De'Aaron Fox and Bam Adebayo, Kentucky

Of coach John Calipari's star-studded freshman class, these two are most important. Fox because he's a slick point guard who can provide a much different type of floor general than we're used to seeing in Lexington; he's a ballhawk on defense and wise passer on offense. Adebayo because he gives Kentucky the interior backbone it lacked last season. At 6-10 and 260 pounds, he's a bulldozing force who can dominate the paint in a variety of ways — on offense by creating second-chance points off the glass and imposing his will on the low block, and on defense by blocking shots or diving for loose balls.

Josh Jackson, Kansas

The No. 1 recruit in the country (via Rivals and 247 Sports), Jackson comes to Lawrence with major expectations. But the best news for coach Bill Self is that the 6-7 wing won't have to be a highlight-reel alpha dog right away (which was the case with Andrew Wiggins). Instead, he'll get to grow into a dominant college player with a veteran core, mainly alongside guards Frank Mason III and Devonte’ Graham, to help ease him in. Expectations aside, Jackson is a phenomenal talent with a high motor and soaring athleticism. He easily could be the best player in the country by March.

Harry Giles and Jayson Tatum, Duke 

Giles was the No. 1 recruit (via ESPN and Scout) and that's because he's 6-10, dynamic and can take over a game. But a third knee injury likely will lead to a slow integration into the title favorite Blue Devils, who are already loaded with talent. That said, if Giles hits his stride, he'll be a huge factor for coach Mike Krzyzewski. Tatum is the freshman who can make an impact right away. The 6-8 forward is a silky smooth offensive player who can go inside and out, posing serious matchup problems to opponents. The key is how cohesive they can be with Duke's returning nucleus.

Markelle Fultz, Washington

Fultz can singlehandedly steer the Huskies to the NCAA tournament, and help coach Lorenzo Romar keep his job. That's about as impactful as a freshman can get. While a majority of the NBA-ready freshmen won't necessarily be the go-to guy right away, Fultz gladly takes that responsibility.

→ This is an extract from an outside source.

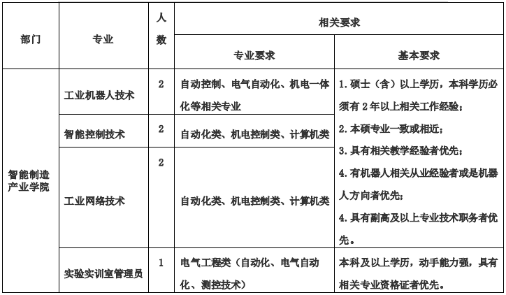 一、學院簡介2019 年河南水利與環境職業學院與河南水滴智能技術有限公司聯合成立混合所有制二級學院智能制造產業學院。學院目前開設有工業機器人技術、智能控制技術、工業網絡技術等專業,其中工業機器人技術專業設裝配與調試工程師、系統集成工程師兩個方向。在校生 近 600 人。因工作需要,根據學院招聘的有關規定,智能制造產業學院面向社會公開招聘教師,有關事項公告如下。

The 6-4 score-first point guard has shades of Derrick Rose with his agility and athleticism, while his shooting stroke — think Brandon Roy — will only get better over the course of the season.

Lonzo Ball, UCLA

Speaking of coaches keeping their jobs, Steve Alford's status in Westwood heavily depends on how well Ball flourishes with the returning core of underachieving UCLA players. Ball isn't just a talented freshman with high expectations. He's a sparkplug point guard with sensational court vision who injects energy into his teammates with his play. It's exactly what the Bruins need. Alford's UCLA squad last year flailed — finishing a dreadful 14-17 — under a regimented offense piloted by his son, Bryce. If he's smart, he'll hand over the keys to Ball and let the offensive tempo speed up, focusing less on a structured offense that needed a makeover anyway.